■ **Task**: Could you return all of the entries below exactly, minus the pictures?

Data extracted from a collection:
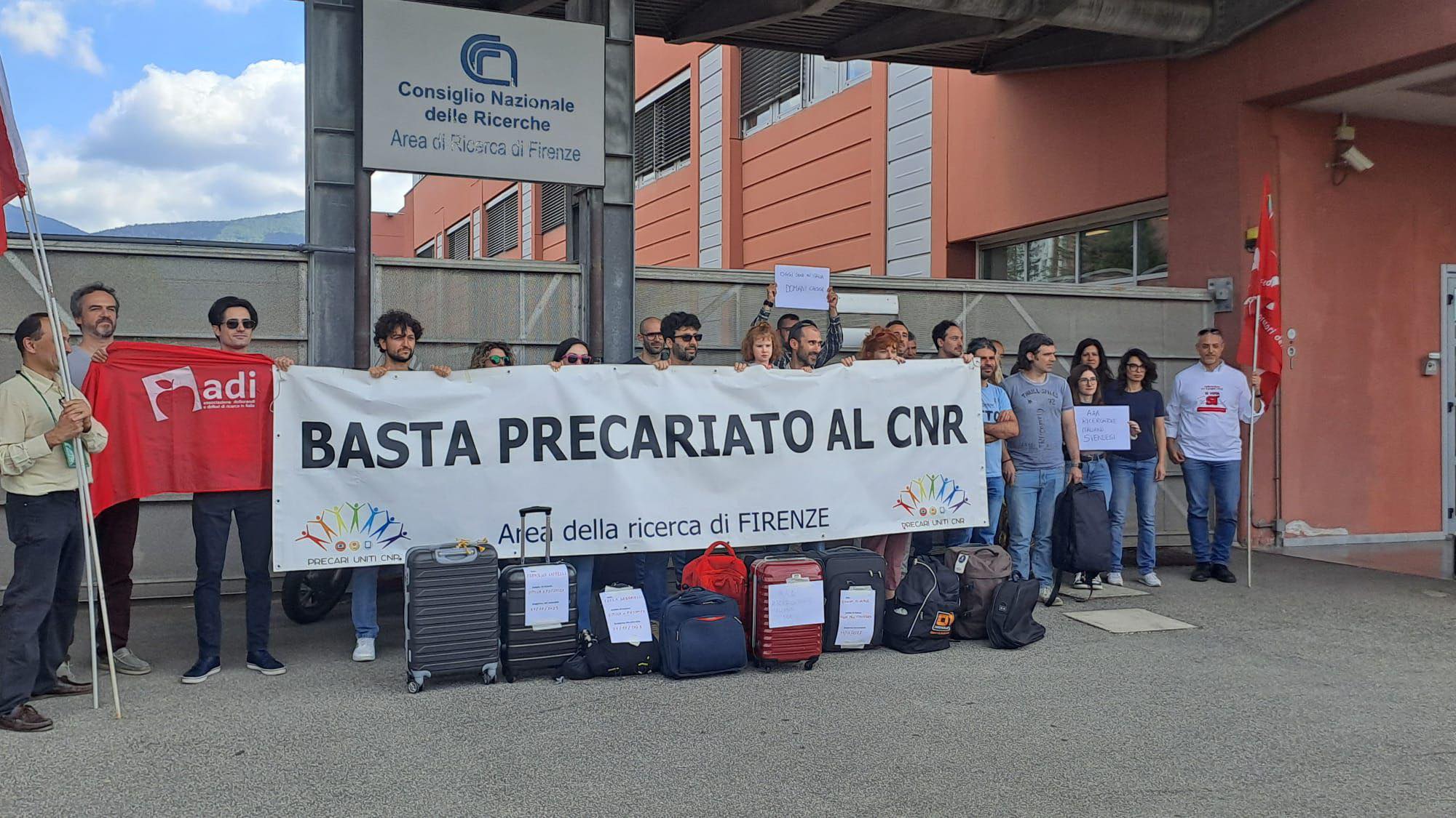 Si è tenuto stamani davanti alla sede del CNR di Sesto Fiorentino, dentro il Polo universitario, un flash mob del movimento dei precari uniti (che hanno sfilato conducendo trolley, prima di fotografarsi con uno striscione con la scritta "Basta precariato al Cnr", composto da ricercatrici e ricercatori (centinaia in tutta Italia) che stanno svolgendo le loro attività con contratto a tempo determinato. Grazie ai fondi del PNRR infatti in questi anni si sono aperte numerose attività di ricerca, che però al momento, senza un vero investimento da parte dello Stato, sono destinate all’estinzione.
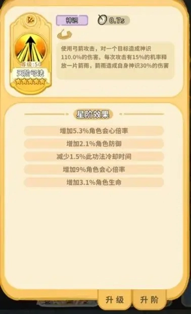 4.4 功法升阶:升阶可以随机获得属性加成,重复的功法可用于升阶刷词条。一般主C弟子选择会心倍率(若为天道弟子缺乏会心,则选择会心提高稳定性),其次可选择对应主属性加成等,坦克弟子选择会心倍率减免、生命、防御等属性加成。
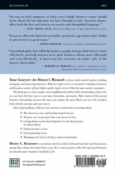 This book offers business owners and managers a new and more effective way to think about lawyers, law, and litigation. Your Lawyer: An Owner's Manual is a brass-tacks guide that demonstrates smarter ways to find, work with, and motivate attorneys. Author Henry C. Krasnow is an attorney with four decades of experience helping businesses, and he writes with an insider's perspective on what business owners need to know about managing this pivotal business relationship. The book outlines this relationship in ways that are clear, simple, and straightforward, so that readers can learn ways to save time, frustration, and money. It furnishes a useful overview of the entire legal process--what's happening, why it's happening, and even why it's often so frustrating.
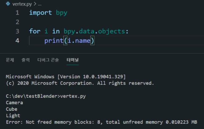 를 실행해보자. 블렌더를 켜면 가장 먼저 기본적으로 있는 세가지 객체들이 존재한다. vsc에서 bpy모듈이 정상적으로 작동한다면 기본 세가지 객체의 name값인 Camera, Cube, Light가 나온다.
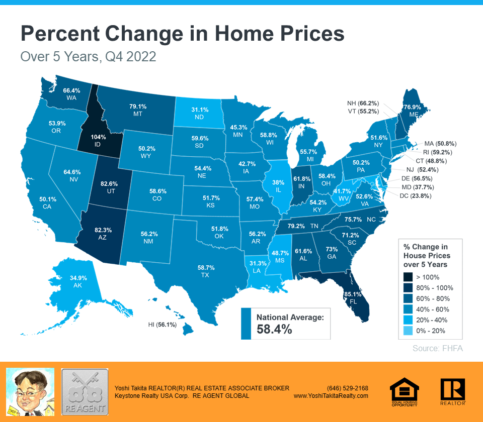 Equity Gains for Today’s Homeowners Equity Gains for Today’s Homeowners | MyKCM Today’s homeowners are sitting on significant equity, even as home price appreciation has eased recently. If you’re a homeowner, your net worth got a boost over the past few years thanks to rising home prices. Here’s what it means for you, even as the market moderates. How Equity Has Grown in Recent Years Because of the imbalance between how many homes were for sale and the number of homebuyers in the market over the past few years, home prices appreciated substantially. And while price appreciation has slowed this year, that doesn’t mean you’ve lost all the equity in your home. In fact, the latest Homeowner Equity Insights report from CoreLogic finds the average homeowner’s equity has grown by $34,300 over the past year alone. And if you’ve been in your home longer than that, chances are you have even more equity than you realize. While that’s the national number, if you want to know what happened in your area, look at the map below from the Federal Housing Finance Agency (FHFA). It shows on average how much home prices have risen over the past five years, which has been a major driver behind equity growth. Why This Is So Important Right Now While equity helps increase your overall net worth, it can also help you achieve other goals, like buying your next home. When you sell your current house, the equity you’ve built up comes back to you in the sale, and it may be just what you need to cover a large portion – if not all – of the down payment on your next home. So, if you’ve been holding off on selling, it may be time to find out how much equity you have and how it can help fuel your next move. Bottom Line Homeownership is a long game, and if you’re planning to make a move, the equity you’ve gained over time can make a big impact. To find out just how much equity you have in your current home and how you can use it to fuel your next purchase, let’s connect.
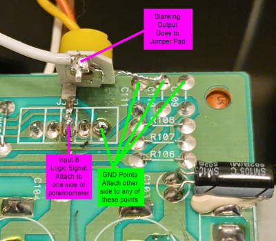 We are going to use the input switching voltage for blanking. The switching voltage is 12v and is routed through the physical switch on the front of the monitor back to the input board NAND gate. It is very low current and trying to draw from it improperly will result in your sync input not working anymore because the NAND logic will fail. So we need to take our very small blanking voltage and no more, no less :) We are aiming for ~0.8v and will use a potentiometer to do it.
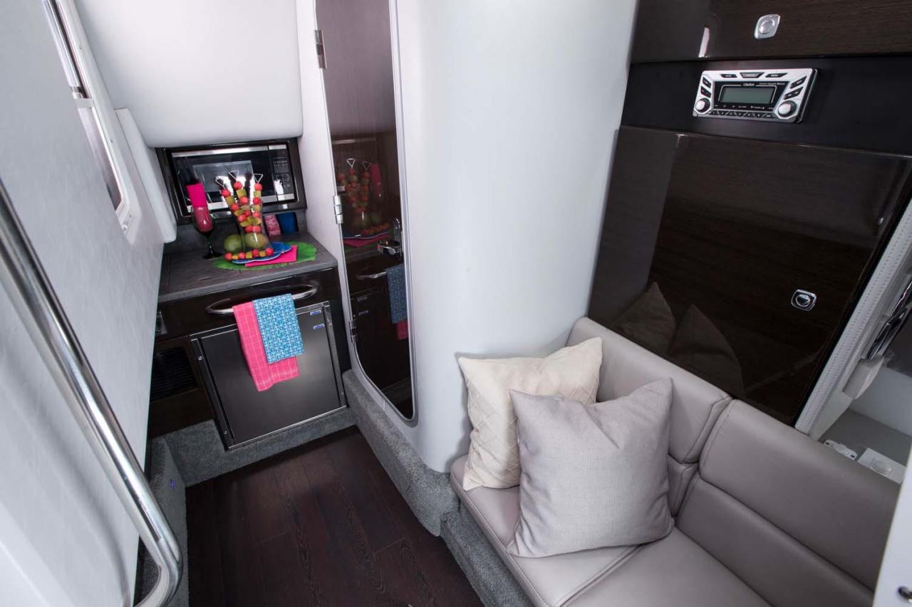 The Formula 350 is one of the few premium bowriders offering a true cabin with full amenities, allowing both day comfort and overnight stays. The air-conditioned interior is bright, modern, and well-finished with the brand’s signature craftsmanship.
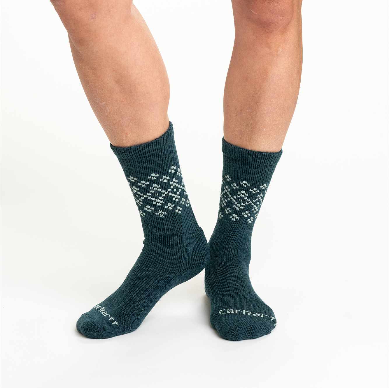 Jobs that keep you moving all day are hard on your feet and socks. These women's midweight crew socks stand up to active days. The Wool blend naturally regulates temperature while wicking sweat and resisting odor. Cushioning at the heel, toe, and arch supports long days on your feet, and abrasion-resistant yarns at the heel and toe extend durability.
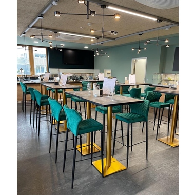 Moderner Barhocker. Durch seine markante industrielle Optik und die einzigartige Rückenlehne wirkt der Stuhl besonders authentisch und spektakulär - perfekt für jeden Anlass. Pflegeleicht. Geeignet für den Event- und Gastronomiebereich.
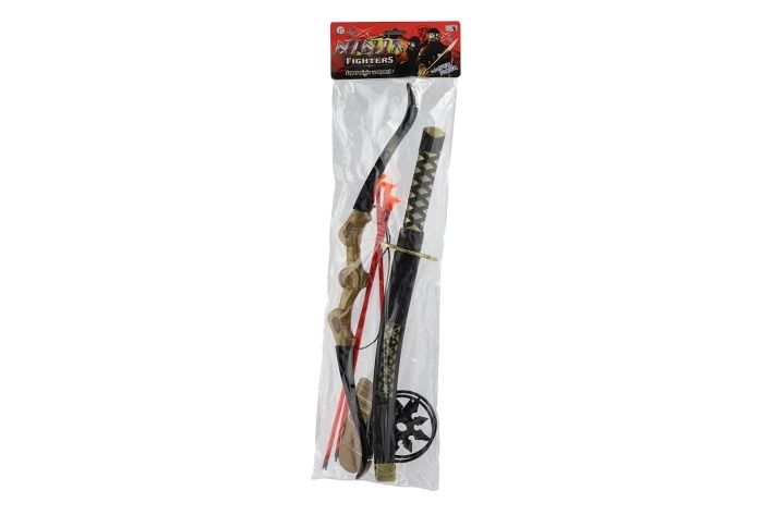 Ninja sada plast meč, hvězdice 2ks, luk + šípy na přísavku 3ks v sáčku 17x60x5cm

■ **Your response**:
 Si è tenuto stamani davanti alla sede del CNR di Sesto Fiorentino, dentro il Polo universitario, un flash mob del movimento dei precari uniti (che hanno sfilato conducendo trolley, prima di fotografarsi con uno striscione con la scritta "Basta precariato al Cnr", composto da ricercatrici e ricercatori (centinaia in tutta Italia) che stanno svolgendo le loro attività con contratto a tempo determinato. Grazie ai fondi del PNRR infatti in questi anni si sono aperte numerose attività di ricerca, che però al momento, senza un vero investimento da parte dello Stato, sono destinate all’estinzione.
 4.4 功法升阶:升阶可以随机获得属性加成,重复的功法可用于升阶刷词条。一般主C弟子选择会心倍率(若为天道弟子缺乏会心,则选择会心提高稳定性),其次可选择对应主属性加成等,坦克弟子选择会心倍率减免、生命、防御等属性加成。
 This book offers business owners and managers a new and more effective way to think about lawyers, law, and litigation. Your Lawyer: An Owner's Manual is a brass-tacks guide that demonstrates smarter ways to find, work with, and motivate attorneys. Author Henry C. Krasnow is an attorney with four decades of experience helping businesses, and he writes with an insider's perspective on what business owners need to know about managing this pivotal business relationship. The book outlines this relationship in ways that are clear, simple, and straightforward, so that readers can learn ways to save time, frustration, and money. It furnishes a useful overview of the entire legal process--what's happening, why it's happening, and even why it's often so frustrating.
 를 실행해보자. 블렌더를 켜면 가장 먼저 기본적으로 있는 세가지 객체들이 존재한다. vsc에서 bpy모듈이 정상적으로 작동한다면 기본 세가지 객체의 name값인 Camera, Cube, Light가 나온다.
 Equity Gains for Today’s Homeowners Equity Gains for Today’s Homeowners | MyKCM Today’s homeowners are sitting on significant equity, even as home price appreciation has eased recently. If you’re a homeowner, your net worth got a boost over the past few years thanks to rising home prices. Here’s what it means for you, even as the market moderates. How Equity Has Grown in Recent Years Because of the imbalance between how many homes were for sale and the number of homebuyers in the market over the past few years, home prices appreciated substantially. And while price appreciation has slowed this year, that doesn’t mean you’ve lost all the equity in your home. In fact, the latest Homeowner Equity Insights report from CoreLogic finds the average homeowner’s equity has grown by $34,300 over the past year alone. And if you’ve been in your home longer than that, chances are you have even more equity than you realize. While that’s the national number, if you want to know what happened in your area, look at the map below from the Federal Housing Finance Agency (FHFA). It shows on average how much home prices have risen over the past five years, which has been a major driver behind equity growth. Why This Is So Important Right Now While equity helps increase your overall net worth, it can also help you achieve other goals, like buying your next home. When you sell your current house, the equity you’ve built up comes back to you in the sale, and it may be just what you need to cover a large portion – if not all – of the down payment on your next home. So, if you’ve been holding off on selling, it may be time to find out how much equity you have and how it can help fuel your next move. Bottom Line Homeownership is a long game, and if you’re planning to make a move, the equity you’ve gained over time can make a big impact. To find out just how much equity you have in your current home and how you can use it to fuel your next purchase, let’s connect.
 We are going to use the input switching voltage for blanking. The switching voltage is 12v and is routed through the physical switch on the front of the monitor back to the input board NAND gate. It is very low current and trying to draw from it improperly will result in your sync input not working anymore because the NAND logic will fail. So we need to take our very small blanking voltage and no more, no less :) We are aiming for ~0.8v and will use a potentiometer to do it.
 The Formula 350 is one of the few premium bowriders offering a true cabin with full amenities, allowing both day comfort and overnight stays. The air-conditioned interior is bright, modern, and well-finished with the brand’s signature craftsmanship.
 Jobs that keep you moving all day are hard on your feet and socks. These women's midweight crew socks stand up to active days. The Wool blend naturally regulates temperature while wicking sweat and resisting odor. Cushioning at the heel, toe, and arch supports long days on your feet, and abrasion-resistant yarns at the heel and toe extend durability.
 Moderner Barhocker. Durch seine markante industrielle Optik und die einzigartige Rückenlehne wirkt der Stuhl besonders authentisch und spektakulär - perfekt für jeden Anlass. Pflegeleicht. Geeignet für den Event- und Gastronomiebereich.
 Ninja sada plast meč, hvězdice 2ks, luk + šípy na přísavku 3ks v sáčku 17x60x5cm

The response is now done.